# Fat Burning Zone - Don't Do It!!!



## LindseySullivan (Feb 13, 2007)

I saw a comment about working out in your fat training zone and I have to comment on this.

There's a reason it's called the "fat training zone" - if you work out there, you'll stay fatter than someone who works out at a higher intensity.

A lot of people work out at a lower intensity (60% MHR) because you burn a higher percentage of calories from fat at a lower intensity.  

However, if you work out at a higher intensity (80% MHR), you burn more calories overall - probably more from fat than in the fat zone.

Here's the basic math:

3500 calories = one pound, whether you get it from fat or carbohydrates

MHR = 220-age for men and 226-age for women

If you work out on the elliptical or spinning or whatever, at a moderate intensity (60% MHR) you burn 75% of calories from fat.  So lets say you burned 320 calories - 240 of those calories came from fat and it will take you about 10 of these workouts to get a one pound loss

If you work out at a high intensity (80% MHR) you burn 50% of calories from fat.  Say you burned 500 calories spinning - 250 came from fat and it will only take 7 workouts to lose 1 pound.

It's simple math.  

-Lindsey Sullivan, ACE Certified Trainer


----------



## xbeatofangelx (Feb 13, 2007)

That's excellent advice, thank you and kudos! I will step up my workouts accordingly!


----------



## Tyester (Feb 13, 2007)

Only problem is when working out at a higher intensity level, you don't just burn fat, you burn a little muscle too. 

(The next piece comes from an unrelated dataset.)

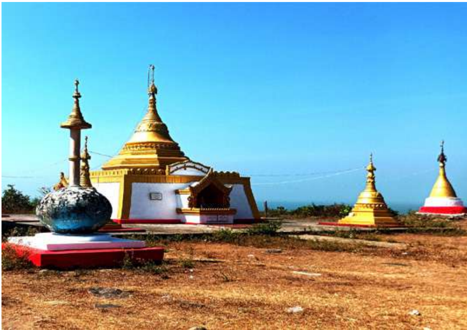
ရှင်စောပုစေတီတော်ကို ဖူးတွေ့ရစဉ်။

စေတီတော်အောက်ခြေမှာရှိတဲ့ ပင်လယ်ကမ်းစပ်ကို ရောက်တဲ့အခါမှာ မိမိတို့မောင်နှမတွေနဲ့ အခြားလူလေး၊ ငါးယောက်လောက်သာ ရှိနေကြတယ်။ ဒီနေရာပင်လယ်ကမ်းခြေမှာ ကျောက်ဆောင်၊ ကျောက်ကမ်းပါးတွေရှိမနေကြဘဲ ချောင်းသာကမ်းခြေမှာလို၊ ငွေဆောင်ကမ်းခြေမှာလို သဲသောင်ပြင်ကြီးတွေ တစ်မျှော်တစ်ခေါ် ကျယ်ကျယ်ပြန့်ပြန့်ရှိနေကြပေမဲ့ ပင်လယ်ရေထဲမှာ ရေချိုး၊ ရေဆော့နေကြသူရှိမနေကြပါဘူး။ ဒါကြောင့် ပင်လယ်ကမ်းခြေတစ်လျှောက်မှာ ခြောက်ခြောက်ကပ်ကပ်၊ တိတ်တိတ်

However I have used HIIT training, timed right with a proper diet worked great to burn fat with minimal muscle loss. But I wouldn't go so far as to say working at your minimal heartrate will keep you fat.

Especially since low intensity cardio after wieght training will burn more fat than muscle.


----------



## LindseySullivan (Feb 14, 2007)

What?!?!?!?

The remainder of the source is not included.